@2ji-han/kuromoji.js v0.1.7
kuromoji.js
this is fork of @takuyaa/kuromoji.js
and, I was inspired by the following repositories
Once again, I would like to thank you!
futures
- Tests Pass 100% :partying_face:
- async to promise/await :partying_face:
- Support and build for browser :partying_face:
- Asynchronization of init functions(eg.
await kuromoji.builder()
) :partying_face: - Support Stream
- kuromoji-server
- Support user dictionary
- Search mode
- Output of N-best solution
- Support NAIST-jdic, Unidic
- Low dictionary size(use fst?)
About
JavaScript implementation of Japanese morphological analyzer. This is a pure JavaScript porting of Kuromoji.

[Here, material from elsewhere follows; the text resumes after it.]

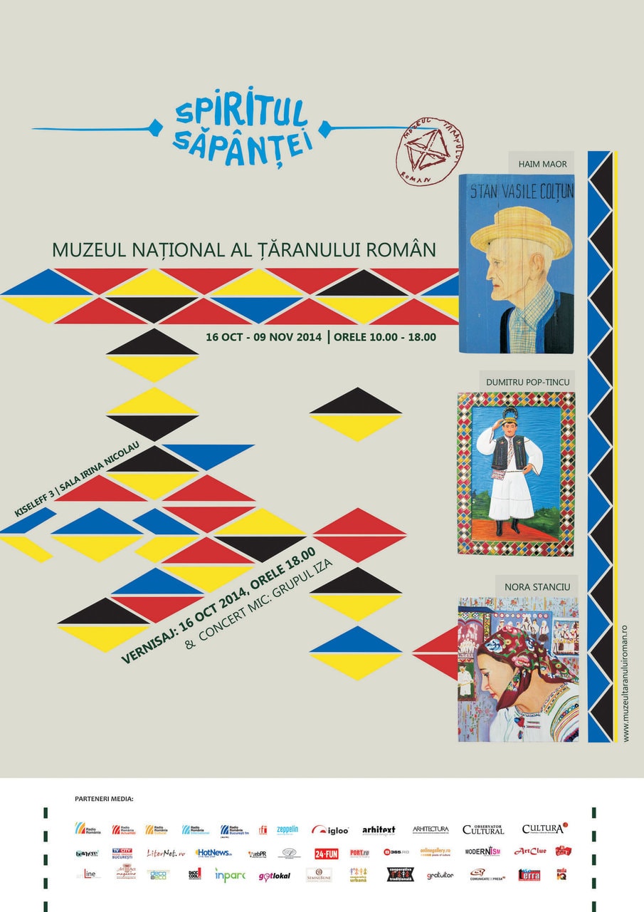 Muzeul Național al Țăranului Român vă invită în perioada 16 octombrie – 9 noiembrie 2014, să descoperiți, dincolo de Maramureșul fotografilor sau al documentarelor TV, care vorbesc despre imaginea idilică a unui spațiu tradițional autentic, chipurile-biografii ale unor oameni ai locului în care tradiția este permanent animată de scenografia prezentului. Expoziția Spiritul Săpânței, proiect intercultural inițiat de artiștii contemporani israelieni Haim Maor și Nora Stanciu, avându-l ca invitat și colaborator pe Dumitru Pop Tincu, sculptorul țăran al crucilor Cimitirului vesel din Săpânța, filtrează ca într-un jurnal vizual subiectiv, povești pictate, sculptate, cusute sau înregistrate, într-o formulă totodată postmodernă și melancolică, surprinzînd cu vitalitate și expresivitate un întreg imaginar al cotidianului țărănesc al locului.

You can see how kuromoji.js works in demo site.
Directory
Directory tree is as follows:
.github -- Github settings
dict/ -- Dictionaries for tokenizer (gzipped)
docs/ -- kuromoji.js documents
- demo/ -- kuromoji.js demo page (https://coco-ly.com/kuromoji.js/)
- example/ -- Examples to use in Node.js
scripts/ -- build scripts
src/ -- Type Script source
Usage
Install with package manager:
npm install kuromoji.js
pnpm install kuromoji.js
bun install kuromoji.js
Load this library as follows:
import kuromoji from "kuromoji.js";
const kuromoji = require("kuromoji.js").default;
//browser
import kuromoji from 'https://cdn.jsdelivr.net/npm/kuromoji.js/dist/browser/index.min.js'
You can tokenize sentences with only 5 lines of code. If you need working examples, you can see the files under the demo or example directory.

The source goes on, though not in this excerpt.